Department of Molecular Biophysics and Biochemistry, Yale University, New Haven, CT, 06520, USA.
Department of Microbiology and Cell Biology, Indian Institute of Science, Bangalore, 560012, India.
Chembiochem. 2020 May 15;21(10):1387-1396. doi: 10.1002/cbic.202000017. Epub 2020 Mar 2.

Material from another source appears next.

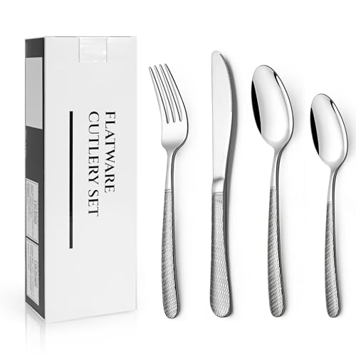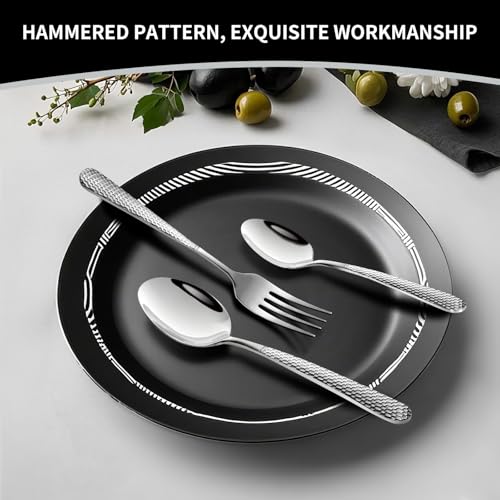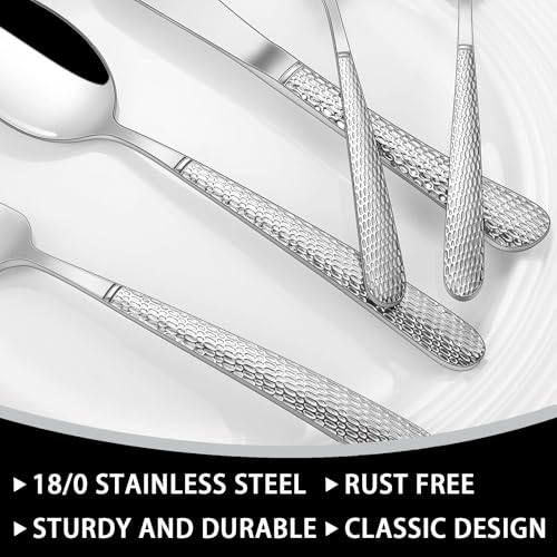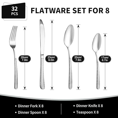 Estmoon Hammered Cutlery Set, 32 Piece Stainless Steel Flatware Set, Silverware Set with Spoon Knife and Fork Set, Service for 8, Dishwasher Safe, Mirror Polished

Genetic code expansion (GCE) has revolutionized the field of protein chemistry. Over the past several decades more than 150 different noncanonical amino acids (ncAAs) have been co-translationally installed into proteins within various host organisms. The vast majority of these ncAAs have been incorporated between the start and stop codons within an open reading frame. This requires that the ncAA be able to form a peptide bond at the α-amine, limiting the types of molecules that can be genetically encoded. In contrast, the α-amine of the initiating amino acid is not required for peptide bond formation. Therefore, including the initiator position in GCE allows for co-translational insertion of more diverse molecules that are modified, or completely lacking an α-amine. This review explores various methods which have been used to initiate protein synthesis with diverse molecules both in vitro and in vivo.
遗传密码扩展(GCE)彻底改变了蛋白质化学领域。在过去的几十年中,已经有超过 150 种不同的非天然氨基酸(ncAA)在各种宿主生物中被共翻译地掺入到蛋白质中。这些 ncAA 中的绝大多数是在开放阅读框中的起始密码子和终止密码子之间掺入的。这要求 ncAA 能够在α-氨基处形成肽键,从而限制了可以遗传编码的分子类型。相比之下,起始氨基酸的α-氨基不需要形成肽键。因此,在 GCE 中包括起始位置可以允许共翻译插入更多经过修饰或完全缺乏α-氨基的不同分子。本文综述了在体外和体内使用各种方法来起始具有不同分子的蛋白质合成的方法。